The construction of Mount Rushmore National Memorial began on October 4, 1927, and took 14 years to complete. The sculptor of the memorial was Gutzon Borglum, the son of Danish immigrants. He chose the two most famous presidents, George Washington and Abraham Lincoln, and chose Thomas Jefferson because of the 1803 Louisiana Purchase (which included the land that became South Dakota). Theodore Roosevelt was suggested by United States president Calvin Coolidge. Borglum's original design was intended to go down to their waists, but aside from the Washington sculpture time constraints and funding only provided for their heads.

Borglum also envisaged other grand extensions to his plan, but a combination of hard granite, looming war in Europe, and lack of funding conspired against him.
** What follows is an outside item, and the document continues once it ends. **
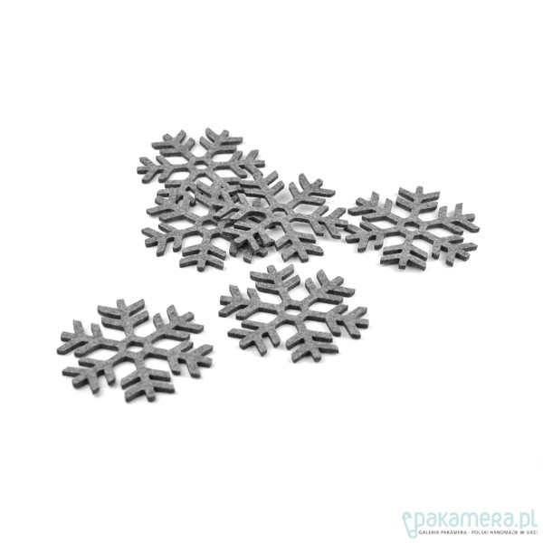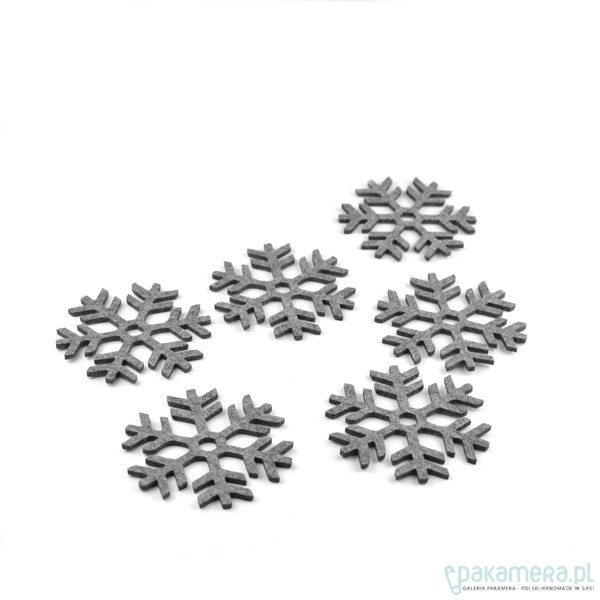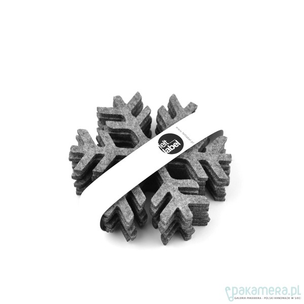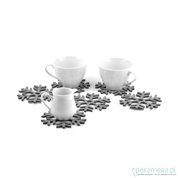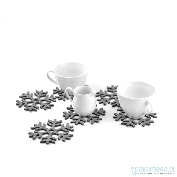 przepiękne, filcowe śnieżynki służące jako podkładki pod kubki lub inne elementy wystroju wnętrz - model: SixFeltSnowflakes - kształt: śnieżynki - kolor: szary - liczba elementów: 6 - wymiary: pojedynczy element 13 cm x 13 cm - materiał: filc 4 mm - interesuje Cię inny kolor? inna wielkość/ilość? napisz do nas!

His team had reached 70 feet into the granite by March 1941, when Borglum unexpectedly died. The monument was deemed complete and all work shut down on October 31 of the same year.

In 1998, a titanium vault was installed in the granite floor of the unfinished hall, and filled with 16 porcelain enamel panels that include the United States Constitution and other important historical documents. A walking trail and boardwalk travels through the forests to the sculptor's studio, now a museum with information about the construction of the monument.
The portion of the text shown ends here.